To achieve continuous process improvement, your organization needs a proven method for uncovering the root cause of nonconformances. A root cause analysis (RCA) can incorporate a wide range of quality methods that ultimately help identify what, how, and why an event occurred so that you can take the necessary steps to ensure that it does not repeat. The RCA process includes four basic steps:

  • Collecting relevant information about the nonconformance
  • Charting the causal factors
  • Pinpointing root causes
  • Developing and recommending solutions or corrective actions to address the root cause

If your organization has embraced lean manufacturing principles, then you are likely ahead of the curve in producing what is needed, when it is needed. You have learned that lean techniques, when successfully implemented, can help your organization reduce waste and improve process efficiency.

Fishbone Diagrams

One of the easiest lean methodologies to use is the fishbone diagram, also commonly referred to as an Ishikawa or cause-and-effect diagram. This simple method helps an improvement team discover various potential causes for a nonconformance and is often used in combination with brainstorming activities. Creating a fishbone diagram is beneficial because it:

  • Is a team exercise that incorporates the ideas of all members
  • Helps sort ideas into organized categories
  • Results in an easily understood visual of the potential root causes of a nonconformance

There are just a few steps involved in creating a fishbone diagram with members of your improvement team or committee:

  • Jot down the problem statement (the nonconformance) on a flipchart. Then draw a box around the statement with a horizontal arrow running to it.
  • Next, group members share their thoughts by brainstorming the main categories of causes that may be contributing to the problem at hand. Categories could include machines, people, or materials.
  • Each category of a potential cause becomes branches from the main arrow.
  • Group members continue to brainstorm all the potential causes by asking, “Why does this happen?” The ideas generated become branches to the appropriate category or categories.
  • Participants continue to ask “Why does this happen?” about each cause. Any sub-causes then branch out from the primary causes, thus creating the fishbone appearance. Continue to ask “Why?” to develop deeper levels of causes and to identify causal relationships.

Keep Asking Why

You will notice that asking the question “Why?” plays a key role in developing a fishbone diagram to uncover root causes. This action fits nicely with advice from noted quality guru Shigeo Shingo, who said, “A relentless barrage of ‘why’s’ is the best way to prepare your mind to pierce the clouded veil of thinking caused by the status quo. Use it often.”
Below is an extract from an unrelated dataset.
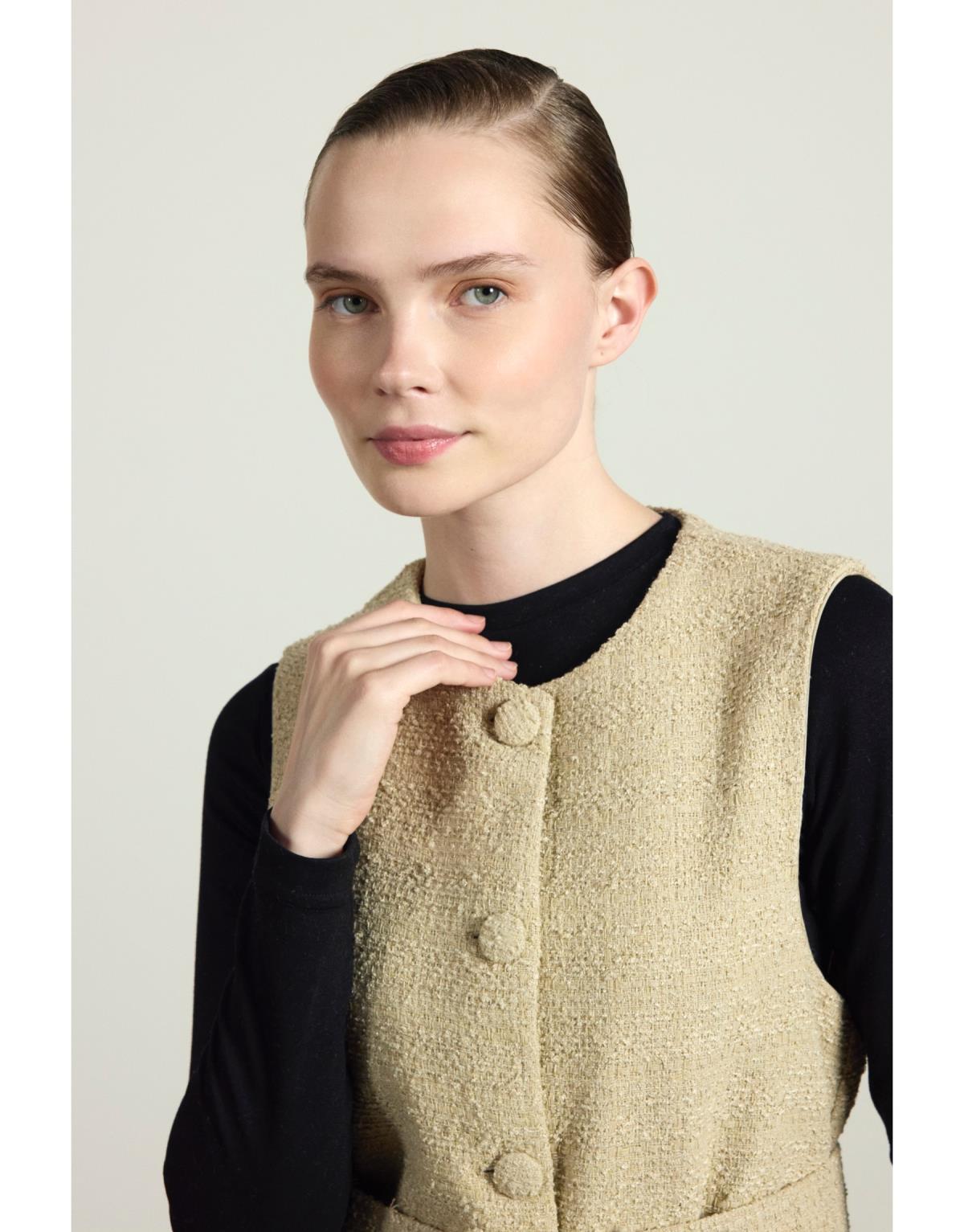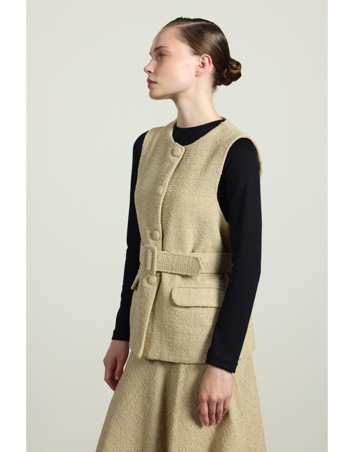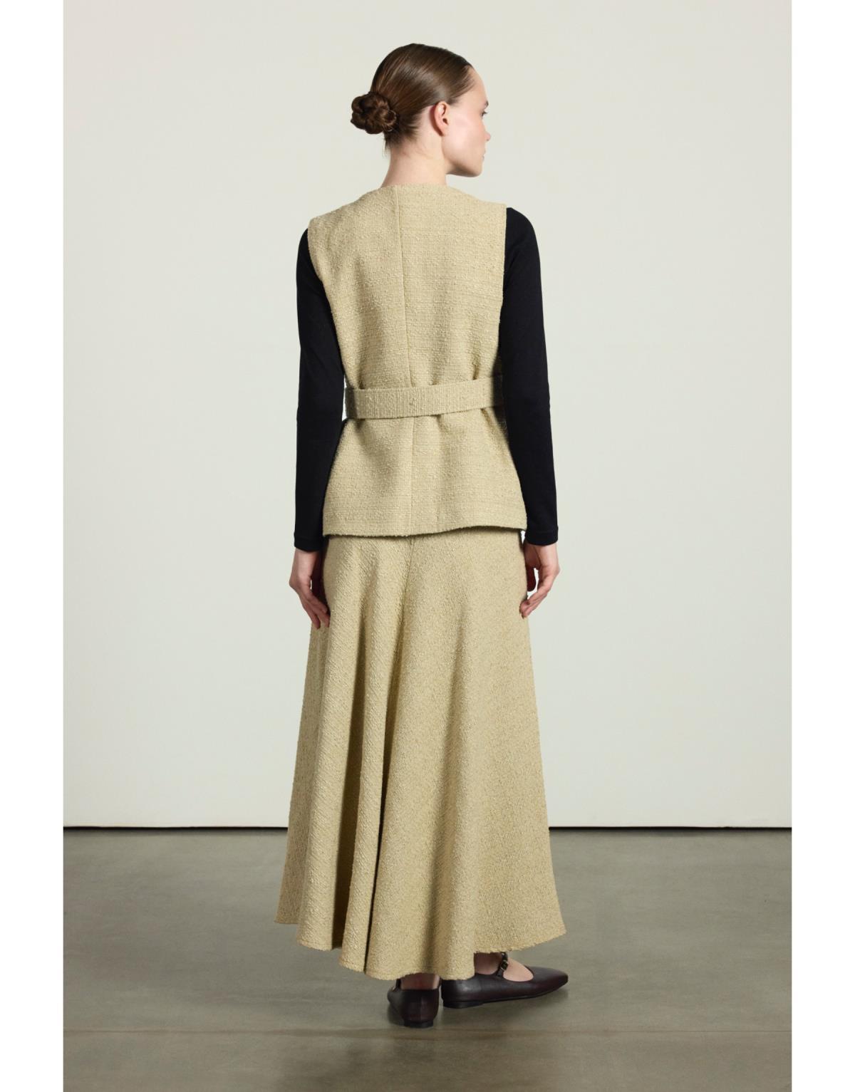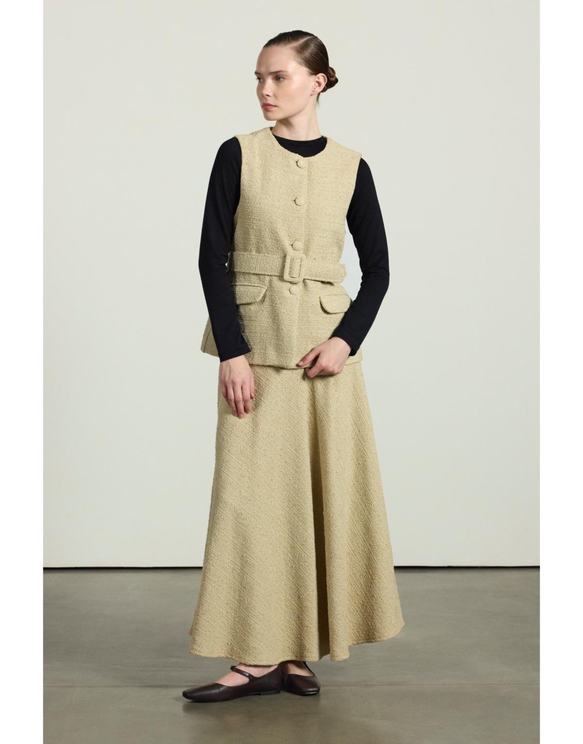 Kemer ve düğme kapamalı etek ve yelekten oluşan ikili takım. Astarlıdır.
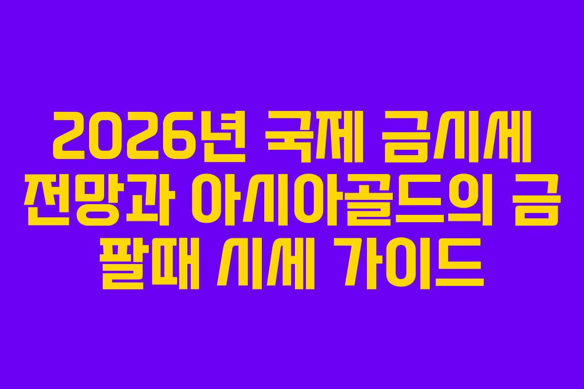 2026년 현재 국제 금시세는 다수의 경제적 요인에 의해 영향을 받고 있으며, 아시아골드의 금 팔때 시세는 이러한 변동을 반영하고 있습니다. 금 거래 시에는 순도와 중량, 판매 시세 및 거래소의 신뢰성을 고려해야 하며, 각종 체크리스트를 활용하여 체계적으로 진행하는 것이 바람직합니다. 금은 실물 자산으로서 가치가 있기 때문에, 신중하게 접근하는 것이 필요합니다. 아시아골드에서는 고객을 위해 다양한 상담 서비스를 제공하고 있으니, 필요한 경우 언제든지 문의하시기 바랍니다.

Asking why not only is an important part of the fishbone diagram technique, but also is the foundation of 5 Whys analysis—another effective method for determining root causes. Remember, however, that 5 is not a magic number; it may take fewer why questions or several more to actually determine the root cause of your nonconformance. By asking why approximately five times though, you can drill down more easily to the root of the nonconformance. Five Whys analysis is also useful for discovering relationships between various root causes of a single nonconformance, and it is a simple method that does not involve statistical analysis.

Another effective problem-solving method is the eight disciplines (8D) model, which is useful for identifying, correcting, and ultimately eliminating recurring problems, and it is effective for both product and process improvement. The 8D approach establishes a permanent corrective action based on statistical analysis of the problem and focuses on the source of the problem by determining its root causes. 

Ensuring Long-Term Results

Once the root causes of a nonconformance are uncovered and corrective actions are implemented, the next goal is ensuring that your solutions are maintained for the long term. If your organization has a layered process audit (LPA) system, consider focusing some of your audit checklist questions on processes associated with the root causes of your most critical nonconformances. LPAs offer an excellent mechanism to verify and sustain your corrective actions. 

By coordinating your lean initiatives with your RCA efforts, your organization will be well on its way to long-term quality improvement.